Hi, On 05/01/15 18:59, Zoltan Sziladi wrote:

...

This discussion was a long time ago, I was just reading through it to check again what was the last state of the discussion about the String.indexOf. There is one part which I still do not understand, hopefully someone could shed some light on it. A few emails ago Martin mentioned

"Hotspot seems to have some intrinsification of String.indexOf, which confuses me. Hotspot seems the right place to provide more optimizations for this, since there has been a fair amount of work creating high-performance low-level implementations of this idea in C."

Then Ivan asked what that actually meant, whether hotspot actually replaced the jdk implementation with a low level optimized C implementation, but I never saw an answer to that.

You can have a look at an implementation of MacroAssembler::string_indexof in http://hg.openjdk.java.net/jdk9/jdk9/hotspot/file/b6b89b8f8531/src/cpu/x86/v...

...

Can someone please explain this? If we somehow found an algorithm that beat the naive implementation in the average case, would it be possible to just implement it in the JDK?

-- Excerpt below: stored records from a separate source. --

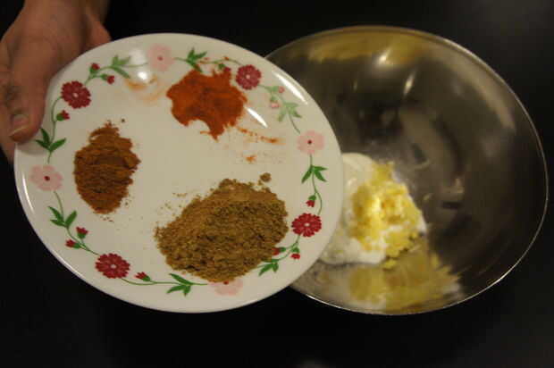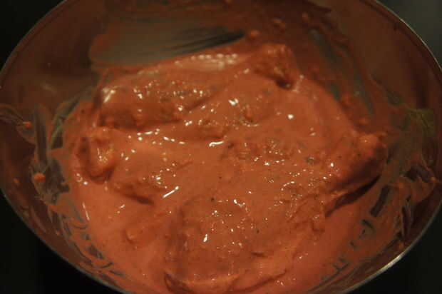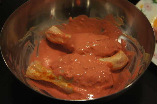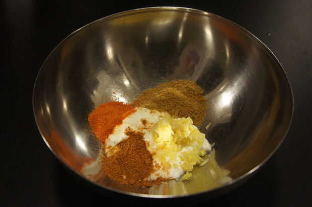 1) en un bol, añadir 5 cucharadas de yogur (1 cucharada de palillo 1 pollo), ajo machacado jengibre, polvo de chiles, comino de tierra, tierra de semillas de cilantro, garam masala, sal, pimienta y mezclar bien.
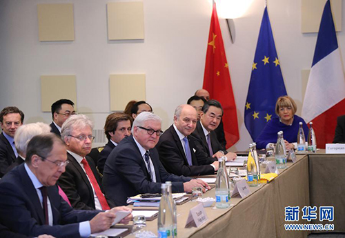 3月30日,在瑞士洛桑,中國外交部長王毅(右二)出席伊朗核問題六國與伊朗外長會。 新華社記者 張淼 攝
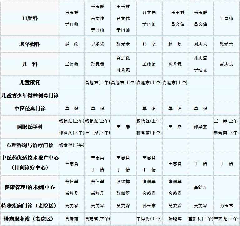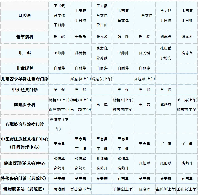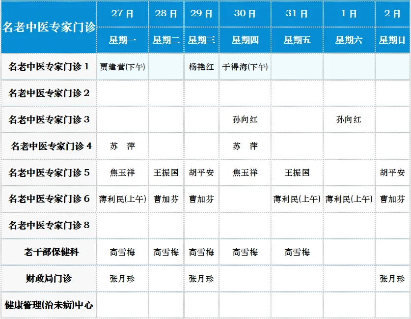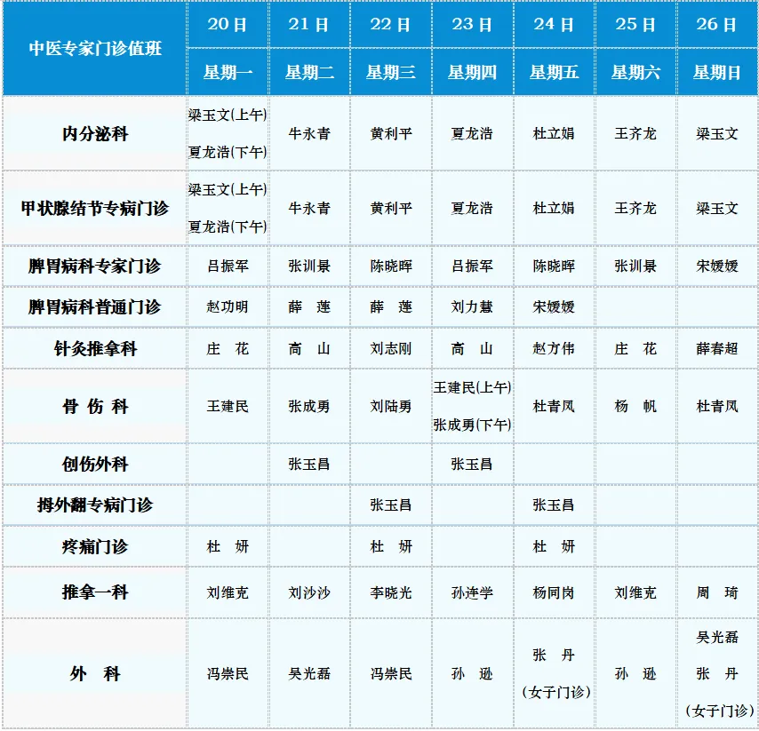 中医专家门诊值班表
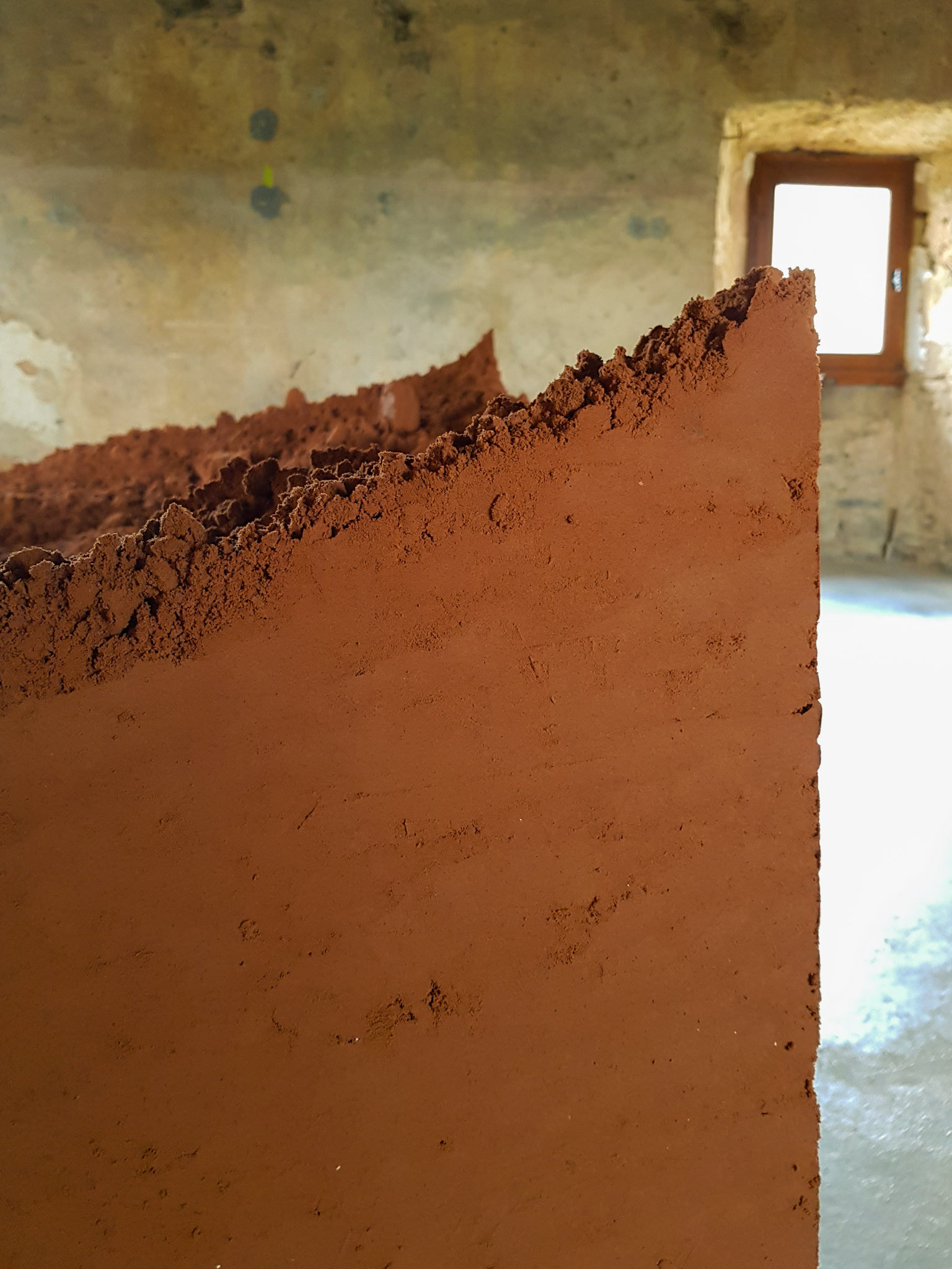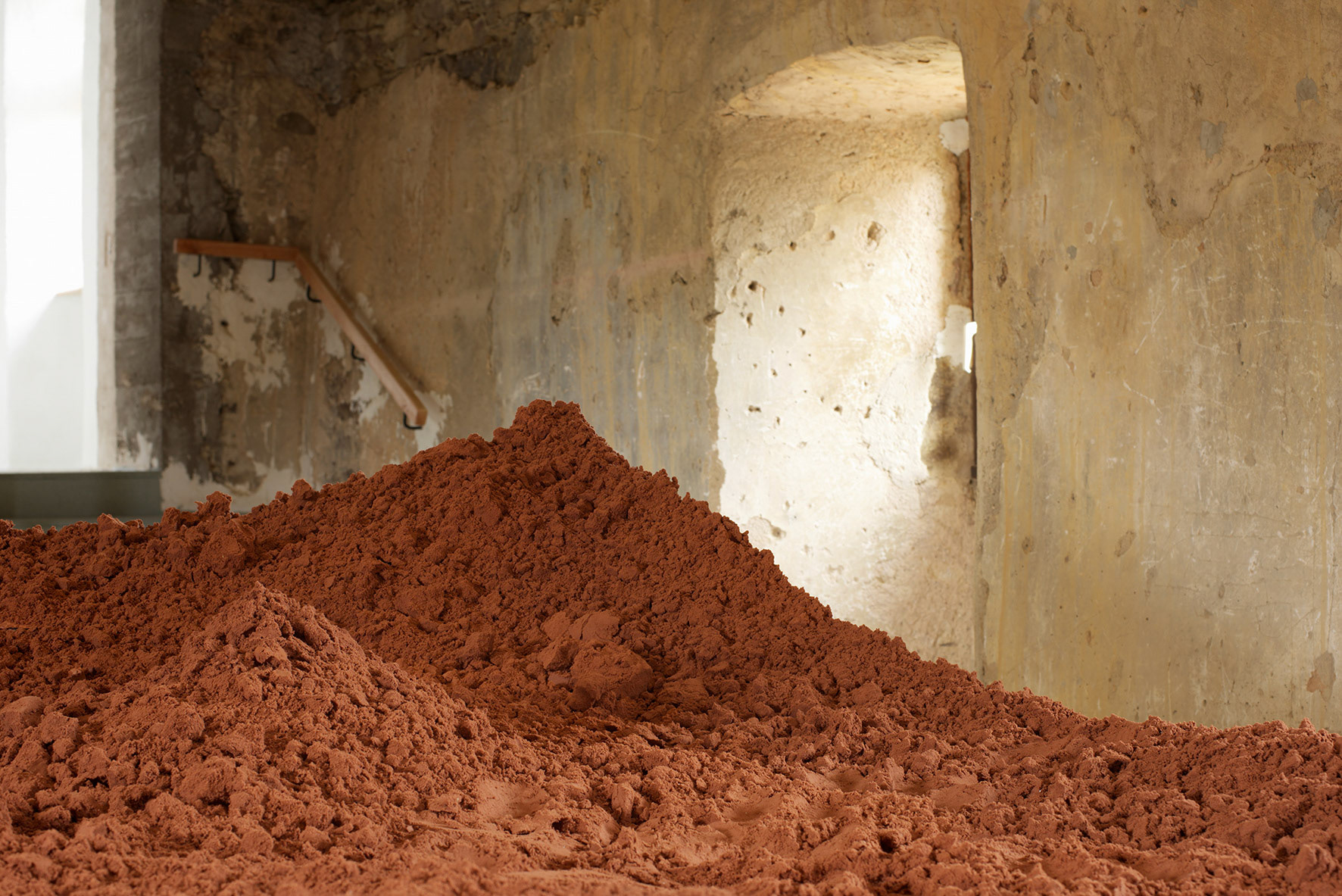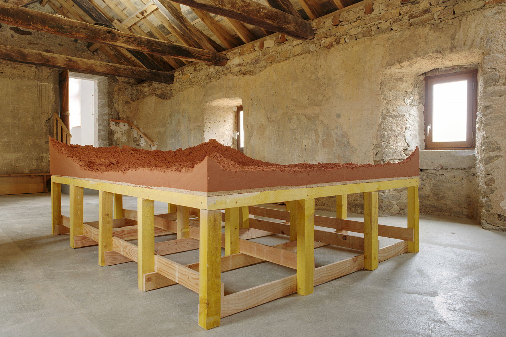 Selon une légende locale, le château aurait été construit avec des pierres trouvées à un endroit indiqué par le grattement régulier des taureaux sur le sol. Ex nihilo – La Piste nous montre un terrain couvert d’empreintes bovines qui convergent vers ce qui serait le lieu d’enfouissement originel, le creuset ex nihilo des bâtisses du village. Sur socle, ce territoire morcelé, à mi-chemin entre le bac à sable et le diorama, nous donne à voir le plancher des vaches dont le matériau sable de fonderie vient jouer la terre aride, stérile, aux couleurs martiennes, celle qui ne génère que le minéral.
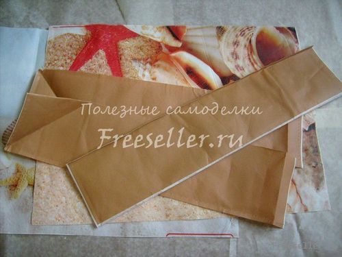 Из этих же полосок кроим и пришиваем две обтачки для швов стачивания боковин с дном.

No, because HotSpot would ignore it. Any speed improvements have to be done in the architecture-dependent files. Andrew.

Zoltan Sziladi

8 Jan 8 Jan

8:34 p.m.

Hi, Thanks everyone for all the info. So, just to go step by step in understanding this. Andrew said HotSpot would ignore my implementation. So why is there an implementation of indexOf at all in the JDK, if that's not the code that's executed? Is it just a default fallback? When is the indexOf function not intrinsified? When do people usually disable intrinsification? Sorry if these are newbie questions, I'm new to this part of Java. Regards, Zoltan On Tue, Jan 6, 2015 at 1:28 AM, Andrew Haley <aph@redhat.com> wrote:

...

Hi,

On 05/01/15 18:59, Zoltan Sziladi wrote:

...
This discussion was a long time ago, I was just reading through it to check again what was the last state of the discussion about the String.indexOf. There is one part which I still do not understand, hopefully someone could shed some light on it. A few emails ago Martin mentioned

"Hotspot seems to have some intrinsification of String.indexOf, which confuses me. Hotspot seems the right place to provide more optimizations for this, since there has been a fair amount of work creating high-performance low-level implementations of this idea in C."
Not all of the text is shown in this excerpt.